You can confirm the dictionary was written into redo logs:

SELECT 
  sequence#,
  first_change#,
  TO_CHAR(completion_time, 'YYYY-MM-DD HH24:MI:SS') AS completion_time,
  dictionary_begin,
  dictionary_end
FROM 
  v$archived_log
WHERE 
  dictionary_begin = 'YES' OR dictionary_end = 'YES'
AND standby_dest = 'NO' 
AND name IS NOT NULL 
AND status = 'A'
ORDER BY 
  sequence# DESC;

This shows redo log files where the dictionary build was recorded.

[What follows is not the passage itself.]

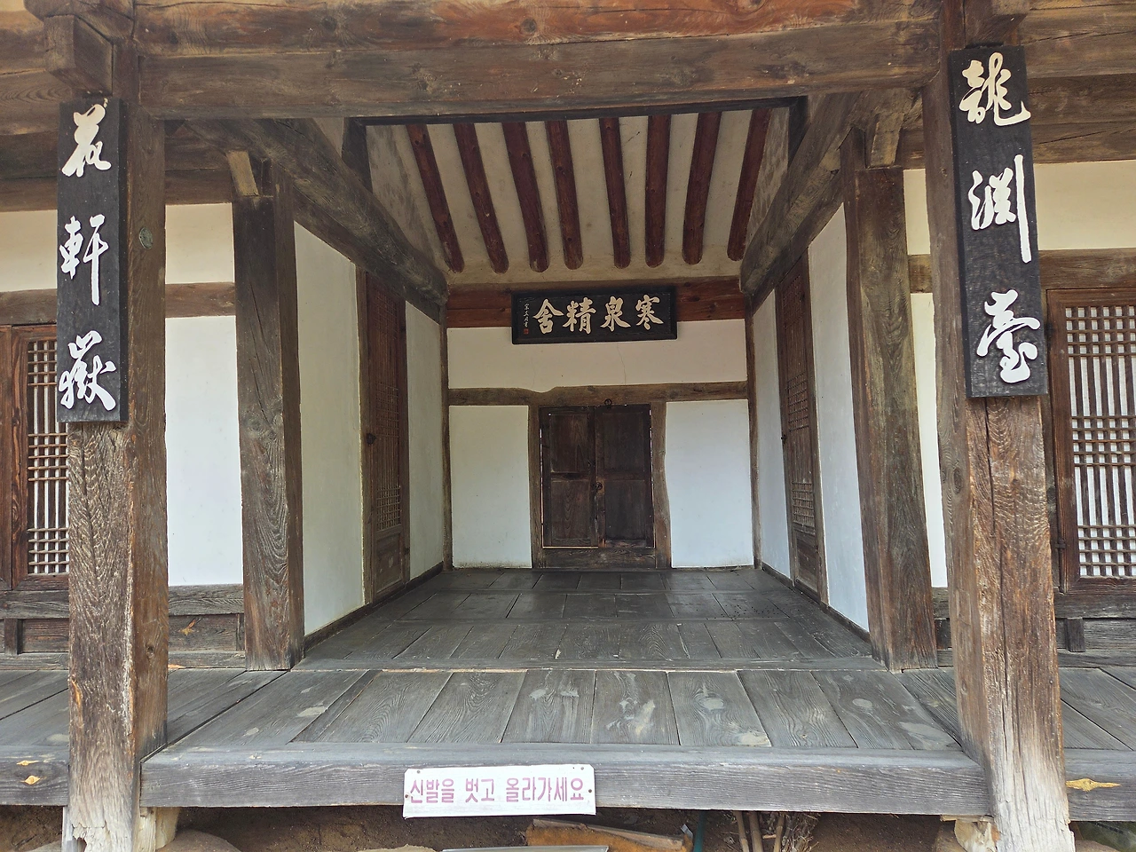 이곳이 그가 머물러 곳인지 후학만 가르친 곳인지, 그 어디에도 확실히 나오자 않았지만, 두 개 방 사이에 툇마루가 있고 자그마한 앞마당이 있는 소담한 기와집이다. 방은 성인이 눕고 안전뱅이 책상만 놓으면 꽉 찰 정도의 크기였지만 창문을 여니 원류봉과 초강천이 내려다 보였다.

Why This Matters in Production

Maintaining an up-to-date LogMiner dictionary in the redo stream is essential for recoverability and flexibility in production replication environments.

Here’s why:

Enables SCN-Based Recovery or Rollback

If you ever need to:

  • Restart an Integrated Extract from a specific SCN or timestamp (e.g., due to a data issue, failover, or reprocessing requirement), or
  • Use the ALTER EXTRACT … SCN <scn> command,

…then a valid dictionary must exist in the redo log stream at or before that SCN.
Without it, GoldenGate cannot decode the redo entries, and the Extract will fail to start.

By proactively writing the dictionary to redo every hour, you ensure your Extract processes remain resilient and restartable, even after unexpected disruptions.

Clean Up

To delete the job:

BEGIN
  DBMS_SCHEDULER.DROP_JOB('BUILD_LOGMINER_DICT_HOURLY', FORCE => TRUE);
END;
/

The FORCE => TRUE ensures the job is dropped even if it’s running.

If the dictionary is written to the redo log stream using DBMS_CAPTURE_ADM.BUILD, then no manual cleanup is required.

  • The dictionary metadata is embedded in online redo logs (and then archived redo logs).
  • As redo logs are cycled and archived, the old dictionary entries naturally age out.
ScenarioCleanup Needed?Method
DBMS_LOGMNR_D.BUILD with STORE_IN_FLAT_FILEYesDelete old .ora files manually
You created custom log/dictionary tablesYesPurge data from those tables
Dictionary info in redo is bloating archived logsIndirectAdjust redo size, retention, log switching frequency

Additional References:

How to configure a new Integrated Extract to start at a historical old date when a dictionary build exists (Doc ID 2046831.1)

“An integrated Extract may fail with OGG-01296 if the LogMiner dictionary is missing or outdated. A dictionary is needed by LogMiner to interpret redo for table metadata. It is recommended to rebuild the LogMiner dictionary periodically to ensure any SCN-based restarts of Extract can be supported.”